A kick in the ass is a step forward, or so they say. I’ve received my share of boots to the behind and, sgthartman.jpgfrankly, am better off for it. Sure, I’d probably be less grizzled and insensitive had I been hugged more. But resilience is a necessity that nurture is not. At least, in animals.

Being raised in an alcoholic home, one learns to survive. The absence of attaboys and weepy parental pep talks did not enhance my people skills, but rolling with the punches became a specialty of mine. Of course, the callouses on my soul have a down side. Ever try snuggling with a porcupine?

There are multiple personality types, I am told, and a significant amount of phobias and disorders to go with them. But to me, there are only two types of people: The weak and the strong. As one who’s learned to eschew empathy, I have, conversely, struggled to give it. Thus, I am less likely to dispense warmth and compassion than I am to tell someone to simply “Buck up!”

So we were shopping the other day and encountered two gals with a large sign:

    Free Hugs!

It’s part of the Free Hugs Campaign, a group that travels round the world dispensing affection. And sure enough, someone in our group rushed over for the obligatory embrace. Everyone applauded. I sneered. The thought of being squeezed by a stranger does not appeal to me. I’ve survived this long with minimal hugging and doubt that some nameless schmoe (or in this case, schmoe-ette) on a sidewalk in a busy marketplace will sufficiently alter my psychological malfunction. But the fact that Free Hugs exists and that people want them is indicative, alas, that the weak survive.

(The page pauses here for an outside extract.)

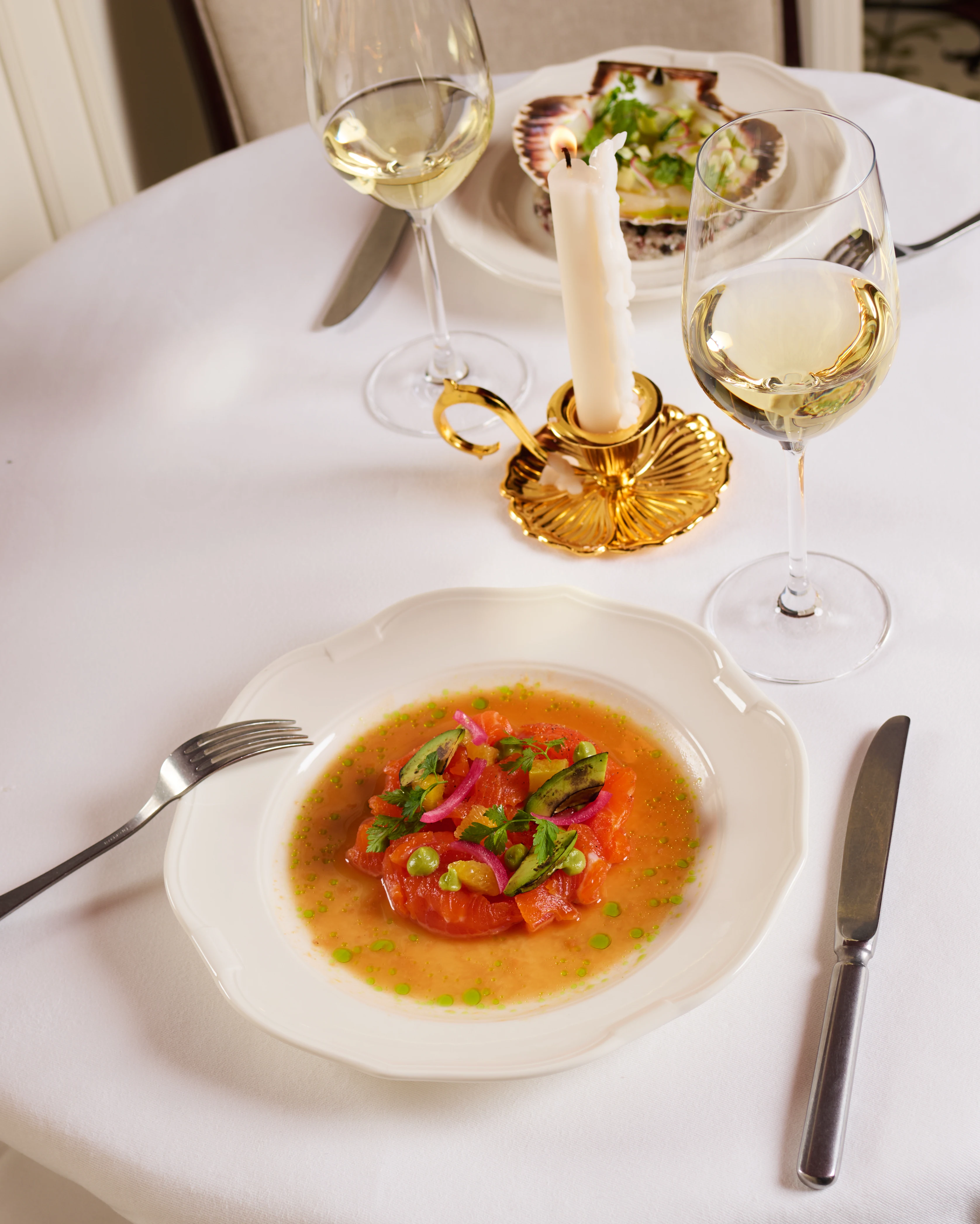 Tables adorned in white cloths, the flicker of candlelight casting shadows between tables. A place where, as the moon ascends, the evening beckons. A journey from dinner and cocktails to the unbound revelry of dancing the night away.

hugs.jpgThe Bible has its share of porcupines. John the Baptist could’ve cared less about a person’s dysfunctional upbringing. The locust-eating prophet was about as likely to be found on a street corner dispensing free hugs, as Jesus would be driving a Lexus. (Sorry Joel.) “Repent or perish!” was applicable, whatever one’s childhood trauma.

Scripture is full of “Buck up!” verses. “Resist the devil,” James exhorted. “Wash your hands, you sinners, and purify your hearts, you double-minded. Grieve, mourn and wail. Change your laughter to mourning and your joy to gloom. Humble yourselves before the Lord. . .” (James 2:7-10). This warms the cockles of my prickly heart. As much as pop culture conditions us to take account of one’s psychological sensitivities, God is not hesitant to play the role of Drill Sergeant.

But neither is He without compassion:

The Lord is close to the brokenhearted and saves those who are crushed in spirit. (Psalm 34:18 NIV)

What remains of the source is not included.